Step 1: Get familar with the geometry processing package.

You can read the tutorials in the geometry processing package. The fundamental data structure is the mesh, which is consisted of a list a vertices and a list of faces. For instance,
[F, V, E]=read_mfile(mfilename) This read a mesh with face list to F, vertices list to v, and maybe(very ofen) some extra features associated to vertices or faces(typically on the vertex).

** Whenever we process on the mesh, the input is F,V,E (may stored in a struct) and the output should be Fn,Vn,En. If we change F, we change the connectiivy of the mesh. In our paper, only cutting the cortical surface need change the F. It is very ofen not change the V, but record a new veriable, say uv to do some mapping. e.g. uv = disk_conformal_map(F,V) This does not change F, and V. It generate a new vertice list. Then we can use (F,uv) to form a new mesh. In this case, it is the conformal map of input mesh (F,V) **

Step 2: Use our core funtionality: disk_registration

After preparing two meshes on the planar disk. Namely, static = (F1,u1,E1) and moving = (F2,u2,E2). The disk_registration try to align them diffeomorphiclly. The diffeomorphic condition is to say, no flip of triangle orientation during the alginment. We assume the feature is same as the number of vertices. Nxf: N is the number of points, f is the features. Here, we use the eccentricity and polar angle. So f=2.

%input parameters of: static mesh structure, moving mesh structure, specify the landmark including boundary index, target of landmark.

% generate a static struture
static.face = face;
static.vertex = vertex;
static.feature = feature;
... ...

% generate a moving structure
moving.face = face;
moving.vertex = vertex;
moving.feature = feature;
... ...

% make registeraion for below, the rest of parameters set [] if you don't have these value.
[result,bc]  = disk_registration(static, moving, [], []);

% results: registration result
% bc: corresponding Beltrami coefficients

After the execuation of disk_registration.
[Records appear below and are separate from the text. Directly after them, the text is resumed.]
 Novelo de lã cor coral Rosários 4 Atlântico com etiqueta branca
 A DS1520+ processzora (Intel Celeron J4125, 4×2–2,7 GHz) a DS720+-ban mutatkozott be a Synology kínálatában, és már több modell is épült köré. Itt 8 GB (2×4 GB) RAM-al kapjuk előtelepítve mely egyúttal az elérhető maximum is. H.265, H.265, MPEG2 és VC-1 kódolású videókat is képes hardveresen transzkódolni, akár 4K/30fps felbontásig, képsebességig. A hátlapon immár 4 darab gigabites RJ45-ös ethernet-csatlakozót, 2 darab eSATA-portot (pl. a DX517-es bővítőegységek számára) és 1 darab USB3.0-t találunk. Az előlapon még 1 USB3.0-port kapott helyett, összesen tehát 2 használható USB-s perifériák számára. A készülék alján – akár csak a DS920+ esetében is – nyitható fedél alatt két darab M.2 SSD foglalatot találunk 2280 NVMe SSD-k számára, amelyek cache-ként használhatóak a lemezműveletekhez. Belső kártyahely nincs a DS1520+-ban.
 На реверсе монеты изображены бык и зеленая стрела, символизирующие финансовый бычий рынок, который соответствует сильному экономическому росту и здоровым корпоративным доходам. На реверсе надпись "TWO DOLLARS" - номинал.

The output is a map of moved points. bc is the associated with the map.

Step 3: Prepration & Evaulation performance,

Most of time, you don't have mesh on the disk to registere. On the contract, you have a 3D mesh of genus zero. In this case, you do the following: ** Cut the ROI : We provide cut_on_sphere_32k ** Map to disk: We provide disk_conformal_map Then you the mesh on the disk.

Evaulation the regsitration results, can be tricky. This requires more knowledge of pRF decoding. We recommand the readers to read compute_fMRI_metrics.m.

Play our sample code.

Downlaod 100610_32k_pRF_fMRI.mat from OSF website.
Run demo_DRRM, which reproduce figure6 in the paper.
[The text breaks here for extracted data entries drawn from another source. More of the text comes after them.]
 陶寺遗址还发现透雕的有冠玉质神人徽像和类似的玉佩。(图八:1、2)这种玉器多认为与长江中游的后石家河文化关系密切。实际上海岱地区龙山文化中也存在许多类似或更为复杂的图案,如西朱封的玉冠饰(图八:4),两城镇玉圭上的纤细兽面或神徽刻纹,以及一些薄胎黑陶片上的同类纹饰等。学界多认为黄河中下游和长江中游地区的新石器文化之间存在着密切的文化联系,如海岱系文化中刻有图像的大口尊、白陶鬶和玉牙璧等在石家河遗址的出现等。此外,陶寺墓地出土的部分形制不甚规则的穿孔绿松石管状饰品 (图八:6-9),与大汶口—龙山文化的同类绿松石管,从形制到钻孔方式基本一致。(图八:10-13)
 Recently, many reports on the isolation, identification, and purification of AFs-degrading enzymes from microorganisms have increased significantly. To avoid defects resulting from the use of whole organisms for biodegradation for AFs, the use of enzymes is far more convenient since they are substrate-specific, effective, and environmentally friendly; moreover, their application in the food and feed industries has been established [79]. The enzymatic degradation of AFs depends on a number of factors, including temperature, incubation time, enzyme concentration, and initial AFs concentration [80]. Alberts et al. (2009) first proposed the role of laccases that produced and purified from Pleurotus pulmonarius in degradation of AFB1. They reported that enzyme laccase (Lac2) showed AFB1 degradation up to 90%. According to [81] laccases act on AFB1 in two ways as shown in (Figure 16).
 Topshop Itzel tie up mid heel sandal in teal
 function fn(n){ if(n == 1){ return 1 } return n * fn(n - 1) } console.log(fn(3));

What to do if I still cannot process my data?

Maybe you can submit a issue in github or contact us.

Requirements:

Matlab: 2020b and later version is recommanded.

Architecture：

Classes:
- GenConsts: definition of some const in project, like file path.
- GenDataManager: provide data from outside resouces to runing processing which need to use, like funtions: getTemplateTxt()
- GenFigureBase: Base class of figure handle. Provide some basic ability to plot a figure:
  
  Properties:
  - face
  - vertex
  - EValue
  - renderColor
  Functions:
  - setConfiguration(): configurations of figures, like camera position, Xlim, and so on.
  - setLightConfiguration(): set light position of figures.
  - setRenderColor(): set render color with value and type, then return a pRF color.
  - draw(): finish plot surf handle with face, vertex and color, before plot, use above configurations automatically.
- These are sub-class from GenFigureBase:
  
  GenFigure_g : load hemisphere and find the retina map on the hemisphere.
  
  GenFigure_j: conformal map of hemisphere.
  
  GenFigureRegSyn: plot register data with synthetic way.
  
  GenFigureAtlas: generating template with benson's template.
  
  GenFigureRegHCP: plot with HCP template saved before.
  
  GenFigureRegSF : plot with study forrest subject.
  
  These classes inherit base and override some function in base classes in order to implement different function seperately.

Usage of GenFigure：

create a class inherit the GenFigureBase :

classdef GenFigureCustom < GenFigureBase
...
...
...
end

Besides fixed properties in the base class, claiming some properties which you need:

    properties
        propertryNameA;
        propertryNameB;
        propertryNameC;
    end

Then, override construction if you want to set value or make some initial handle in before starting use this class. (Tip: use figure base class constrution funtion with the first line)

methods
    function obj = GenFigureA(param)
    % use base class constrution function before custom opaeration.
    obj = obj@GenFigureBase(param);  
    obj.propertryNameA = param.propertryNameA;
    ...
    ...
    % initial handle in there
    end
end

Implement functions if you need using custom handle, like:

setRenderColor()

function result = setRenderColor(obj)
    % use base class setRenderColor(obj) function before custom. Through the function of
    % set renderColor in the base class. We get the color and store in the struct 
    % 'renderColor' with the varible color.
    obj = setRenderColor@GenFigureBase(obj);
    % modifing the color when get the color from base class.
    id = find(obj.EValue.Vertex_prf(:,5)<1);
    obj.renderColor.color(id,:)= repmat([189 140 124 ]/255,length(id),1); 
    result = obj;
end

%-----------------------------setRenderColor@GenFigureBase(obj)---------------------------

function result = setRenderColor(obj)
    % max value is supported in the base class in setRenderColo().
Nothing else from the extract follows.